REQUIRED ACTION
Starting with the line with "Leather bag. Hammered" in the entries below and going on through the line with "IDEAL 61-557 Voltaj", output every line exactly and nothing more. No pictures.

EXTRACTED RECORDS

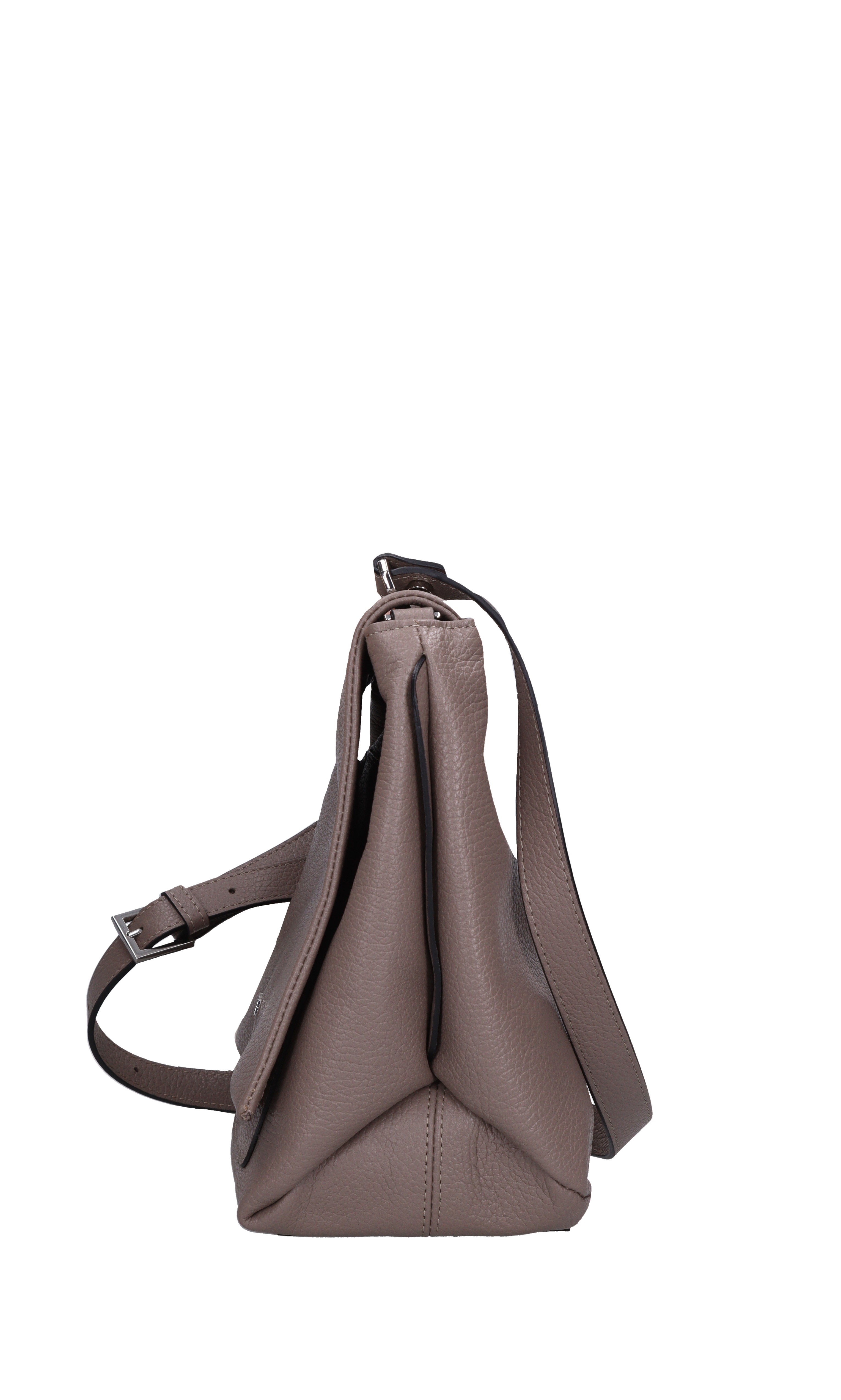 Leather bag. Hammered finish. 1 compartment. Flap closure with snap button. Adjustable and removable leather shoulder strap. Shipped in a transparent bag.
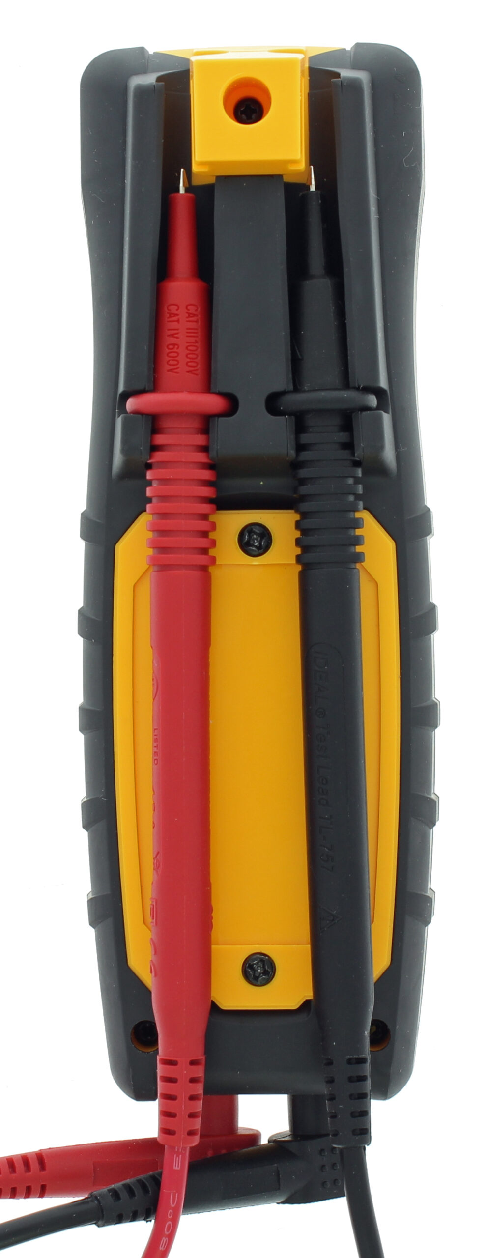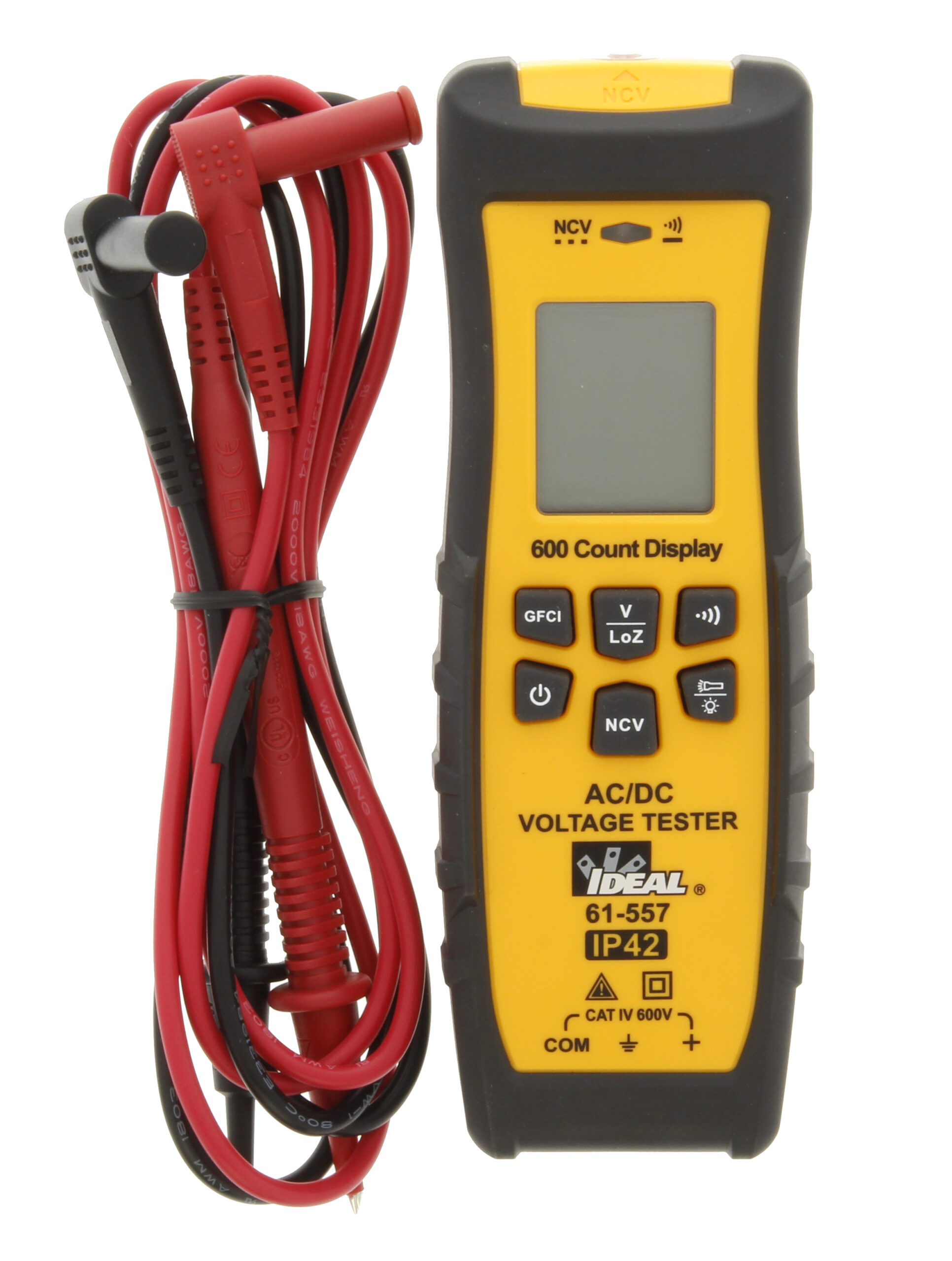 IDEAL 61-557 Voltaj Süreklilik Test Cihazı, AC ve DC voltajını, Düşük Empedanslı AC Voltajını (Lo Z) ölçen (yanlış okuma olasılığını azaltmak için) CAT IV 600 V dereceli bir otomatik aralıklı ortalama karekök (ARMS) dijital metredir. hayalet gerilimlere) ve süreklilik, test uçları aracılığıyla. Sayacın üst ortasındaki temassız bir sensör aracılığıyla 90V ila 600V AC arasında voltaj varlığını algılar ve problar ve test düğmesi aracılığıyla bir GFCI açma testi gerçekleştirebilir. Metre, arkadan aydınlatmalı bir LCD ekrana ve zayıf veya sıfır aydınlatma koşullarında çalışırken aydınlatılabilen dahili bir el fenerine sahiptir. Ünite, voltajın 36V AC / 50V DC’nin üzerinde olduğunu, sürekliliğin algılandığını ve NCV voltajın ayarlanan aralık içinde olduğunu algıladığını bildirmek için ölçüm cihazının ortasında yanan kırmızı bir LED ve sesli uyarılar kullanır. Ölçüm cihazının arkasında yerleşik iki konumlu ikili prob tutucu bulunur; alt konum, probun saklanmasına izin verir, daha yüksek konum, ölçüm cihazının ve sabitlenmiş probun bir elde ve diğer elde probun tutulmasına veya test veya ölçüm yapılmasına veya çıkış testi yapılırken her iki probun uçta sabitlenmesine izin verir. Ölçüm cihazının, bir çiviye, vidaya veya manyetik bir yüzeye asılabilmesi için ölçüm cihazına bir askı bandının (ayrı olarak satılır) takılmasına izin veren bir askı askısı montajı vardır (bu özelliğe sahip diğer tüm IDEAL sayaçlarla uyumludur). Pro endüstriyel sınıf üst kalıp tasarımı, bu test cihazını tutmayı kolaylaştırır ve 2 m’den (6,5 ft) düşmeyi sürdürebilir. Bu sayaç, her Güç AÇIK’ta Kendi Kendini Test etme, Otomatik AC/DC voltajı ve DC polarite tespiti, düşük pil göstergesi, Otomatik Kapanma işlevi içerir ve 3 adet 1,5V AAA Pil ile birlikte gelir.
==
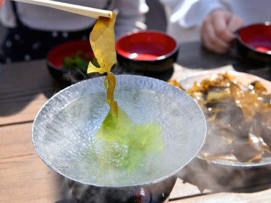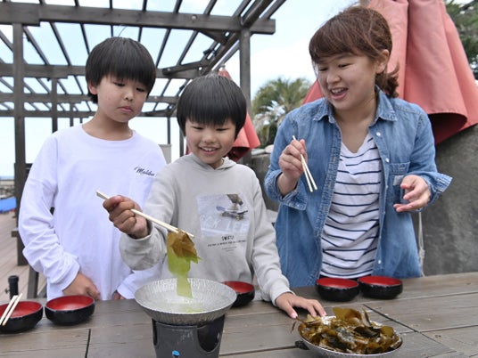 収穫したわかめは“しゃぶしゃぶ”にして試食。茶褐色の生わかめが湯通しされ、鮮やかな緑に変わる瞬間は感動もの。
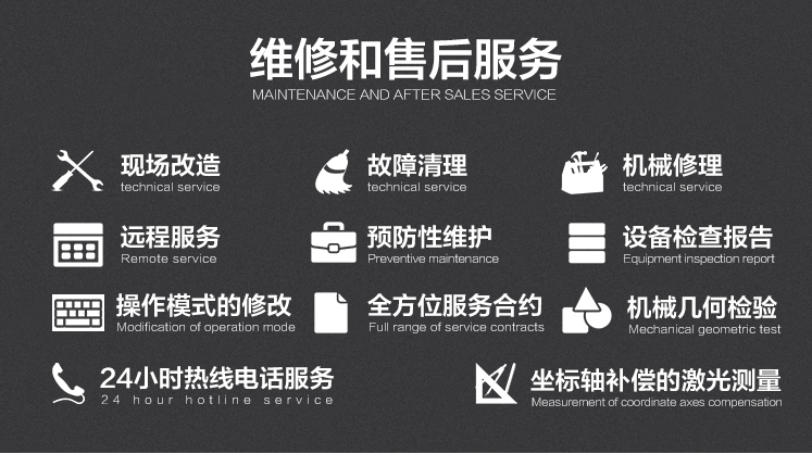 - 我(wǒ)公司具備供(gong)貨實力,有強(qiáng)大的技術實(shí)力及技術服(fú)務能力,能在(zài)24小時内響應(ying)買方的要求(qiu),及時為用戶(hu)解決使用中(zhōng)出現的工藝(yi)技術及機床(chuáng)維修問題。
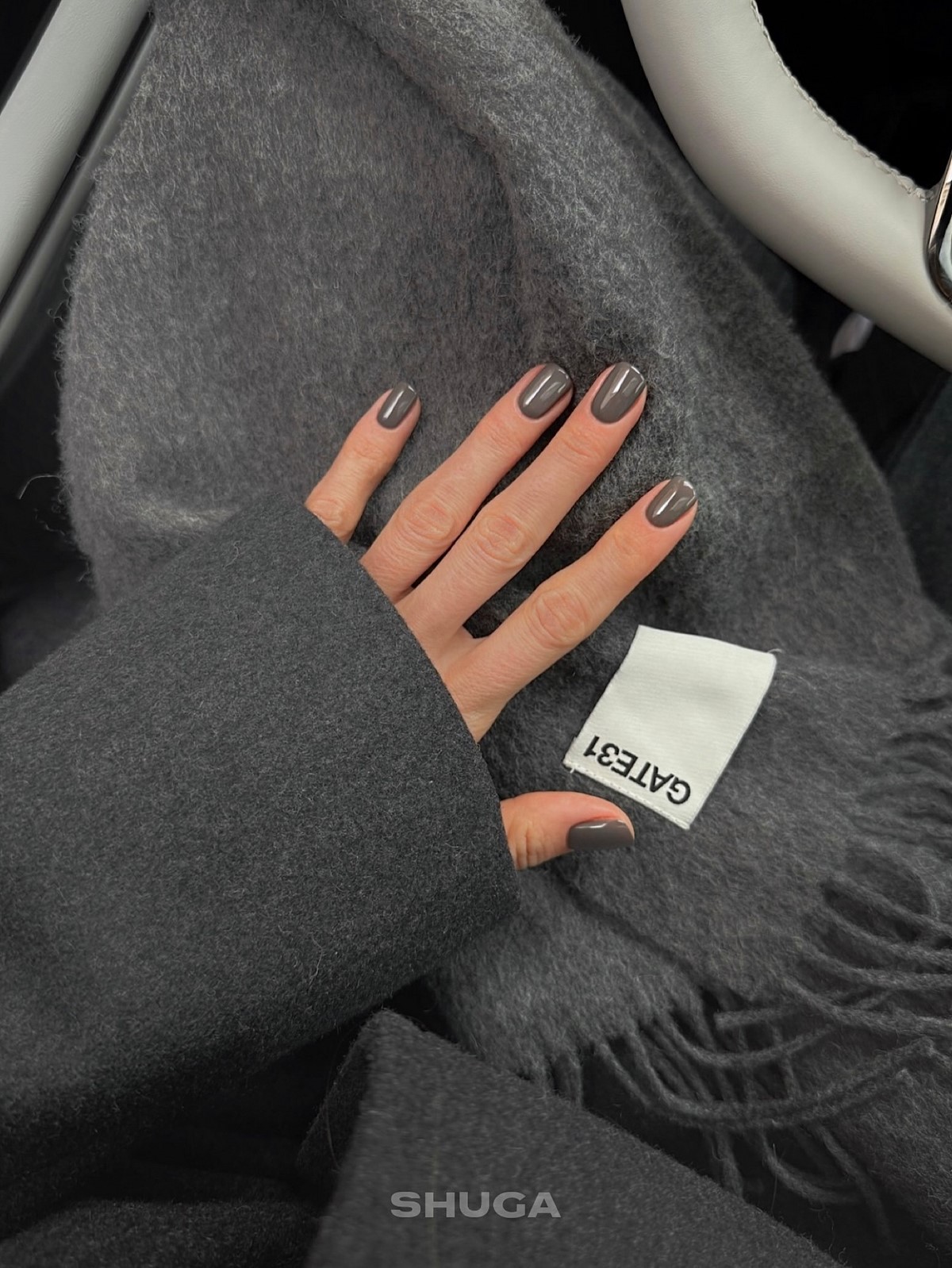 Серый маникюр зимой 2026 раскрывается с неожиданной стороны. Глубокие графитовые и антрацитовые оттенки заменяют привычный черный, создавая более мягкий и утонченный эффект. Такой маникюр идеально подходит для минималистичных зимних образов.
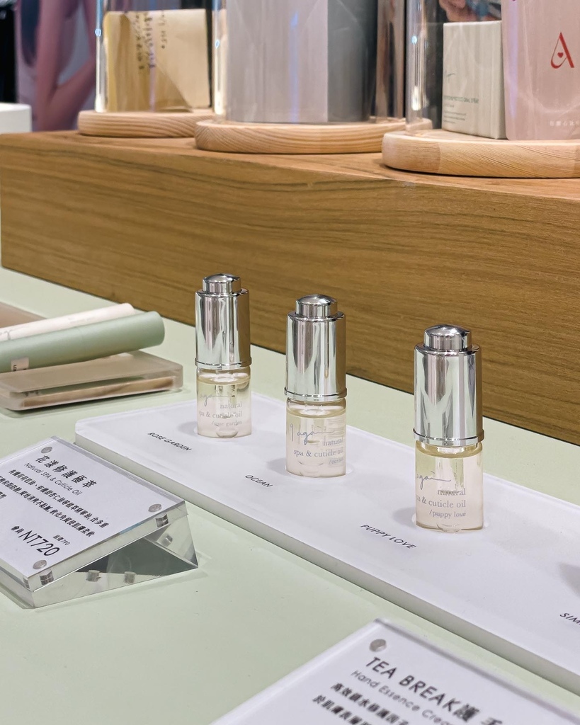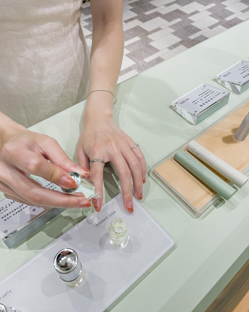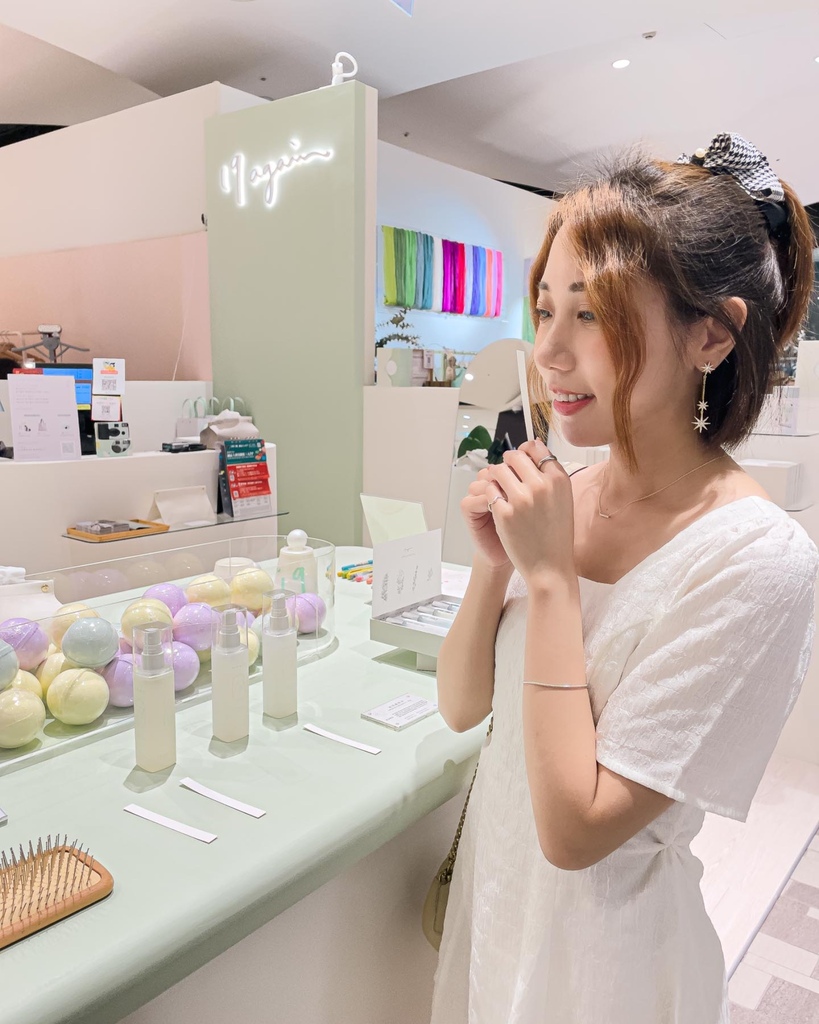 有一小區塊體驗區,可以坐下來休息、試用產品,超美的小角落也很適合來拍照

RESULT OF THE EXERCISE
 Leather bag. Hammered finish. 1 compartment. Flap closure with snap button. Adjustable and removable leather shoulder strap. Shipped in a transparent bag.
 IDEAL 61-557 Voltaj Süreklilik Test Cihazı, AC ve DC voltajını, Düşük Empedanslı AC Voltajını (Lo Z) ölçen (yanlış okuma olasılığını azaltmak için) CAT IV 600 V dereceli bir otomatik aralıklı ortalama karekök (ARMS) dijital metredir. hayalet gerilimlere) ve süreklilik, test uçları aracılığıyla. Sayacın üst ortasındaki temassız bir sensör aracılığıyla 90V ila 600V AC arasında voltaj varlığını algılar ve problar ve test düğmesi aracılığıyla bir GFCI açma testi gerçekleştirebilir. Metre, arkadan aydınlatmalı bir LCD ekrana ve zayıf veya sıfır aydınlatma koşullarında çalışırken aydınlatılabilen dahili bir el fenerine sahiptir. Ünite, voltajın 36V AC / 50V DC’nin üzerinde olduğunu, sürekliliğin algılandığını ve NCV voltajın ayarlanan aralık içinde olduğunu algıladığını bildirmek için ölçüm cihazının ortasında yanan kırmızı bir LED ve sesli uyarılar kullanır. Ölçüm cihazının arkasında yerleşik iki konumlu ikili prob tutucu bulunur; alt konum, probun saklanmasına izin verir, daha yüksek konum, ölçüm cihazının ve sabitlenmiş probun bir elde ve diğer elde probun tutulmasına veya test veya ölçüm yapılmasına veya çıkış testi yapılırken her iki probun uçta sabitlenmesine izin verir. Ölçüm cihazının, bir çiviye, vidaya veya manyetik bir yüzeye asılabilmesi için ölçüm cihazına bir askı bandının (ayrı olarak satılır) takılmasına izin veren bir askı askısı montajı vardır (bu özelliğe sahip diğer tüm IDEAL sayaçlarla uyumludur). Pro endüstriyel sınıf üst kalıp tasarımı, bu test cihazını tutmayı kolaylaştırır ve 2 m’den (6,5 ft) düşmeyi sürdürebilir. Bu sayaç, her Güç AÇIK’ta Kendi Kendini Test etme, Otomatik AC/DC voltajı ve DC polarite tespiti, düşük pil göstergesi, Otomatik Kapanma işlevi içerir ve 3 adet 1,5V AAA Pil ile birlikte gelir.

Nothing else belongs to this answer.